● What the task requires
Take the material below and extract the lines from the one with "Rähmchenwagen für die" through the one with "Keywords: stairs singapore", word for word, without pictures.

● Available data
_ _ _ _ _ _ _
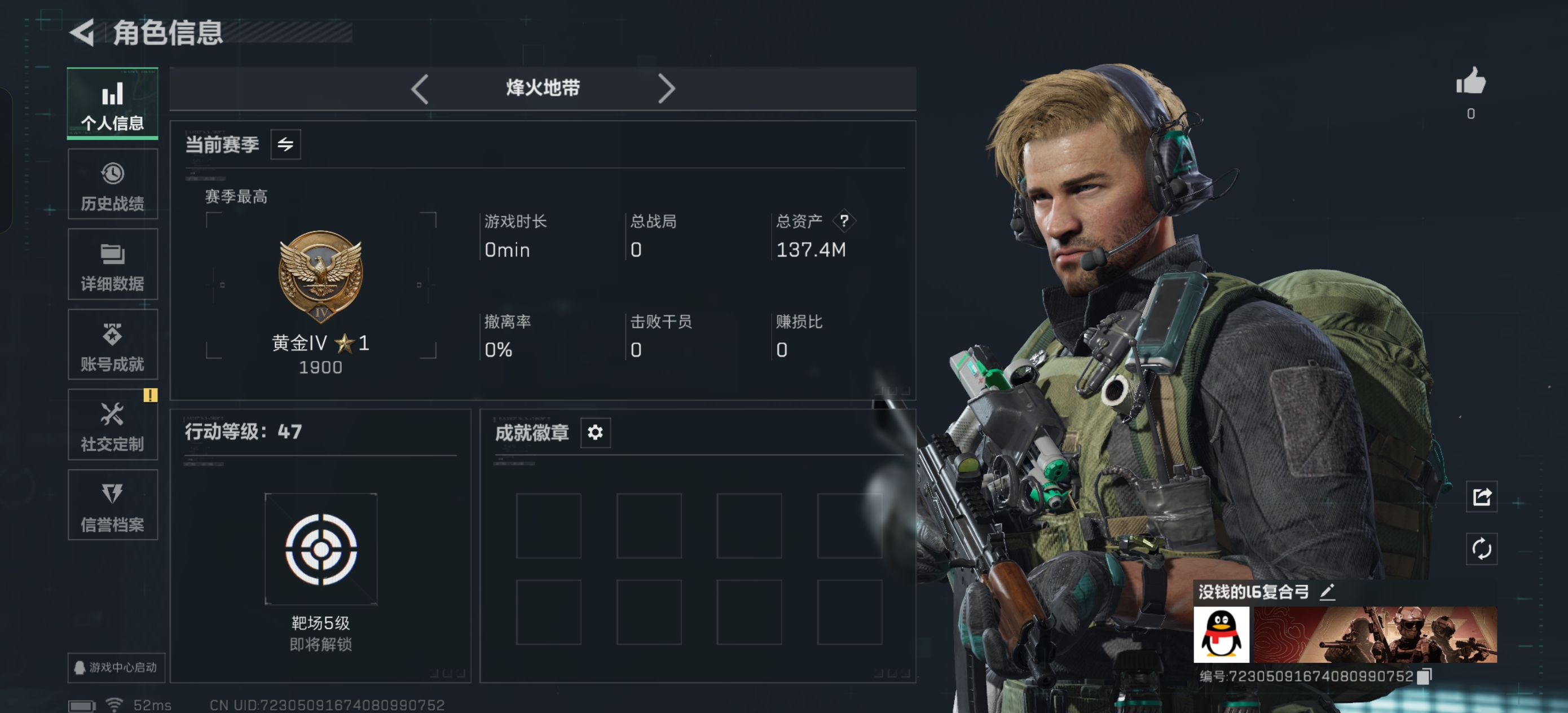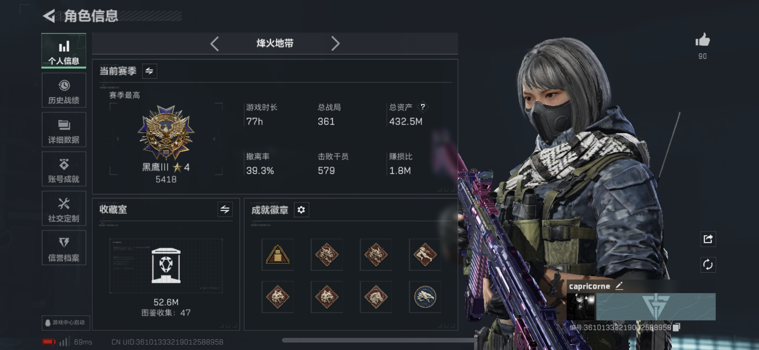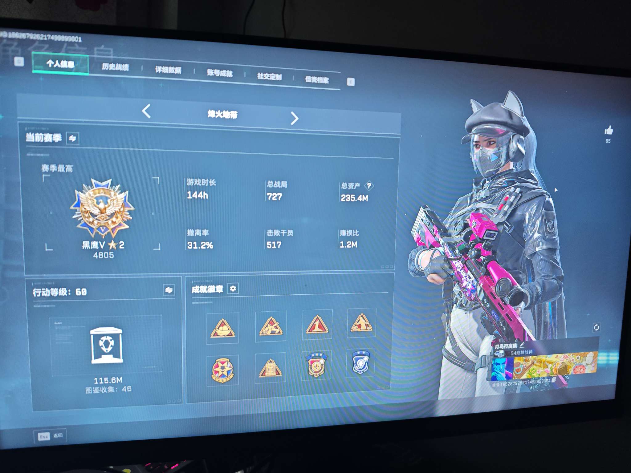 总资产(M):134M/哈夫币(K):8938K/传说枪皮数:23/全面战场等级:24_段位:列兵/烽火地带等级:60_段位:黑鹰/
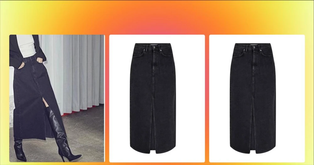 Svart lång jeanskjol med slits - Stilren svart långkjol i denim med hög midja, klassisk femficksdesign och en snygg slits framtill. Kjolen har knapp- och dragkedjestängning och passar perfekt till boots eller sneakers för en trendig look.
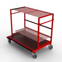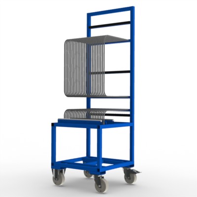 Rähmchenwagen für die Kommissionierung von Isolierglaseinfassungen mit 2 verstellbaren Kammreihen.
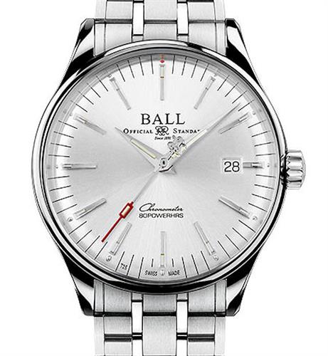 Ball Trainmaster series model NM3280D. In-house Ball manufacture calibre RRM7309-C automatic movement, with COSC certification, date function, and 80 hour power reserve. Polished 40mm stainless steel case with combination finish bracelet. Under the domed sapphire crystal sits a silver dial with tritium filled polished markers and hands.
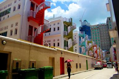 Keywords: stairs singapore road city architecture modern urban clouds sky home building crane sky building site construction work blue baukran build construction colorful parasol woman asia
_ _ _ _ _ _ _
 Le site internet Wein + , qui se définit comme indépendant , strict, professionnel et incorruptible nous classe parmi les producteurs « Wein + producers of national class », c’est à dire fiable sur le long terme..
_ _ _ _ _ _ _
● Output of the exercise
 Rähmchenwagen für die Kommissionierung von Isolierglaseinfassungen mit 2 verstellbaren Kammreihen.
 Ball Trainmaster series model NM3280D. In-house Ball manufacture calibre RRM7309-C automatic movement, with COSC certification, date function, and 80 hour power reserve. Polished 40mm stainless steel case with combination finish bracelet. Under the domed sapphire crystal sits a silver dial with tritium filled polished markers and hands.
 Keywords: stairs singapore road city architecture modern urban clouds sky home building crane sky building site construction work blue baukran build construction colorful parasol woman asia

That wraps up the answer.